I like Nutrigrain as much as the next person but this idea is leaving me cold: Haven’t we reached peak hipster cafe bullshit yet?
Because this cafe is in painfully-hip Shoreditch in London’s East End. But pretty soon you just know that there is going to be a cereal cafe here. Next to the cat cafe. And the secret coffee shop up that is so cool it doesn’t have a sign on the door. And the converted shipping container/tram stop/car boot cafe. And the paperless news stand cafe. And the water-only restaurant.
I love breakfast. I love to eat it on my own, I like to meet other people to eat it, I like to eat it all day long (it turns out that I like it so much, I sound like Dr Seuss when I talk about it).

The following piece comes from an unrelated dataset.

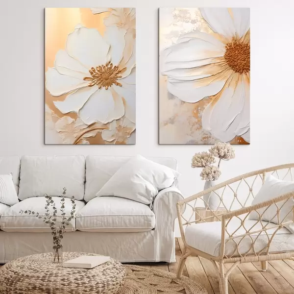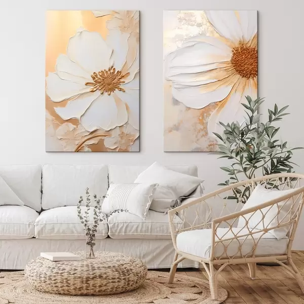 Vászonkép Finom szirmú fehér virág, texturált absztrakt háttér, elegáns, dekoratív művészet Nr m01006

But I just wonder whether we need our bacon and eggs to come with this bottomless cup of over-hyped gimmicky nonsense.
My needs aren’t great. I want breakfast. And I don’t want cat hair in it.

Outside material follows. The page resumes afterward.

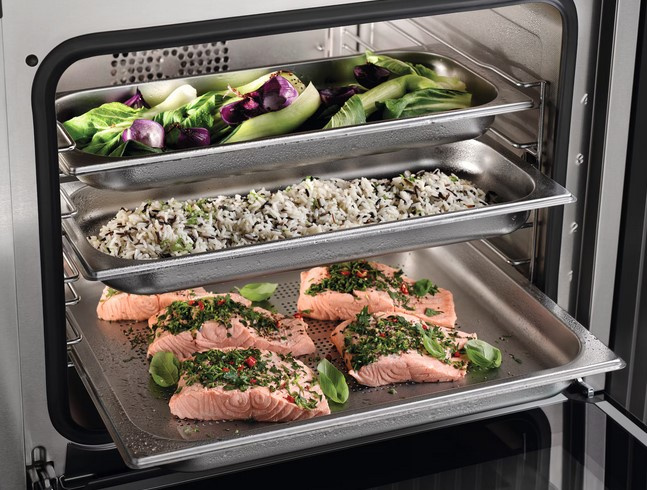 - Indywidualna możliwość ustawień wilgotności w programie Para + pieczenie

I’m not immune to marketing (or cat hair). But if you are going to open a new and interesting cafe, I’d like you to take a few things on board.
Firstly, I am not interested in waiting for a coffee made from a single origin bean with its own passport that was shat out by a discerning skunk and then ground between the butt-cheeks of Bono. And I don’t want to pay like you’ve flown every bean in on its own Business Class seat.
I also want to sit on an actual seat. Not a milk crate. Not a cardboard box (or something styled to look like a cardboard box because that is as ridiculous as it sounds). Not on a Tibetan prayer stool or on the floor. Something with a bit of lumbar support would be great.
I want some space between tables. I know that you’re a popular operation and you want to fit as many lucky patrons in, but if I accidentally drop a sugar cube into my neighbour’s scrambled eggs, that is on you.